Second of all...the clichés...good god the clichés; brilliant but reclusive and aging, naturally male writer(tm) who hasn't written in years even though the whole galaxy is begging him for new material on their knees even if it was just his laundry list(tm) is visited by a plucky "passionate", naturally female aspiring author (tm) who is naturally enamoured with him (tm, that's also why the author has to be male and the plucky fangirl female so that the story can indulge in self-congratulory, hetero-normative wishfulfillment) and opens up to her because he finds her hot and rediscovers the passion he thought was lost (tm)
Screw this episode.
Hmmm, could her enamoring of him (of course, "May to December" doesn't sound like my idea of fun either...) be the reason she doesn't call the funny farm to say a nutjob is having suicidal ideations?

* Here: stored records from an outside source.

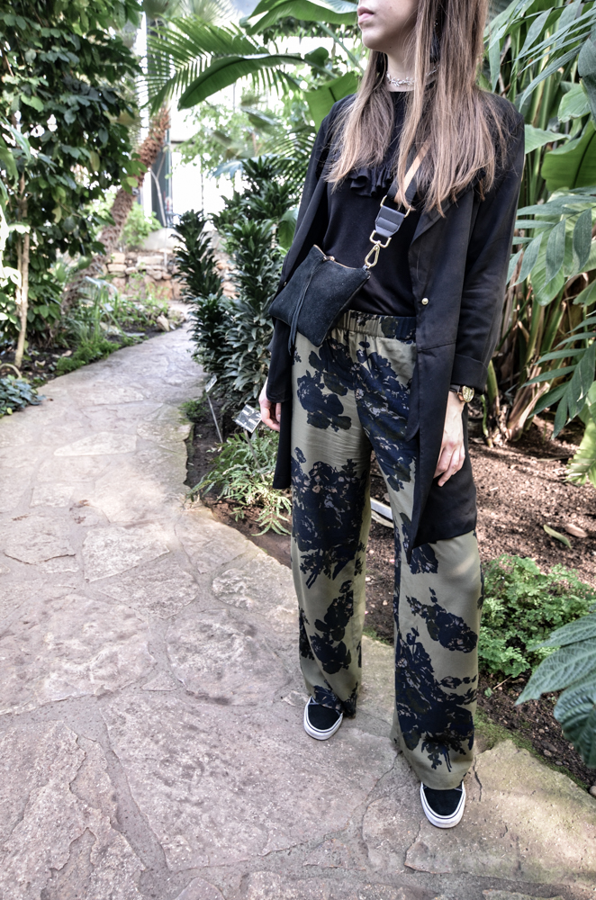 Du coup, c'est au milieu des palmiers, bananiers et autres plantes que je vous retrouve avec ce pantalon palazzo, que j'aime tant ! Le confort de ce truc franchement, j'ai envie de le mettre tous les jours ! Un petit tshirt noir à volants, ma paire de vans avec les gros lacets des puma, un choker et c'est tipar !
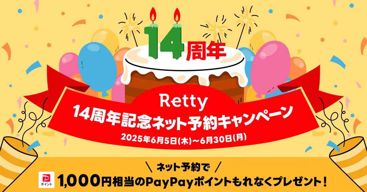 グルメ情報・予約サイト「Retty(レッティ)」は、2025年6月5日から6月30日まで、「14周年記念ネット予約キャンペーン」を実施します。このキャンペーンでは、対象店舗にネット予約を通じて2名以上で来店した方に、もれなく1,000円相当のPayPayポイントが付与されるというお得な内容です。
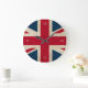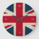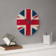 Custom British wall clock featuring a vintage style clock face with Roman numerals and grunge Union Jack UK flag. Hour markings can be customized.

She's so into him, or at least so gullible, she buys into his claims? That can happen in real life too, but maybe if Jake looked 30 and not 300... but this is a Roddenberryism, when he crafted his 24th century, do people just go all Beatles songs and "love is all you need" each other at the drop of a hat, no matter if they're that old and likely to die from a heart attack at precisely the wrong moment? And it's not on the Edo planet?!
If the aspiring writer were another male, would the episode really be any different? (I'm bi, can see it both ways, and can see how either way it wouldn't be significantly different.)

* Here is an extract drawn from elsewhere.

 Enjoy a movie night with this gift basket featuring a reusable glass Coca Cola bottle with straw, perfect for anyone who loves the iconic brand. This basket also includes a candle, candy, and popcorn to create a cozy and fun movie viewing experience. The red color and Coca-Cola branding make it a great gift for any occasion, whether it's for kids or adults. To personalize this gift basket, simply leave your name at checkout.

It's an episode I can't just stick on to kill an hour, I really need to be in the right headspace for this one. It's Tony Todds best performance in anything I've seen him in and in my Top 5 Avery Brooks performances too. And, the older I get, the more it resonates.
That's what gets me as well. I'll forget about the episode's details as I find the shiny new trinket to play with... then in a decade, do another viewing round, sit through this one, then cry enough to replenish all that disappeared during the drought (by the seashore).
As much as I am not fond of aspects of this episode, it still has moments of observation that seem inescapable. Maybe that's another reason...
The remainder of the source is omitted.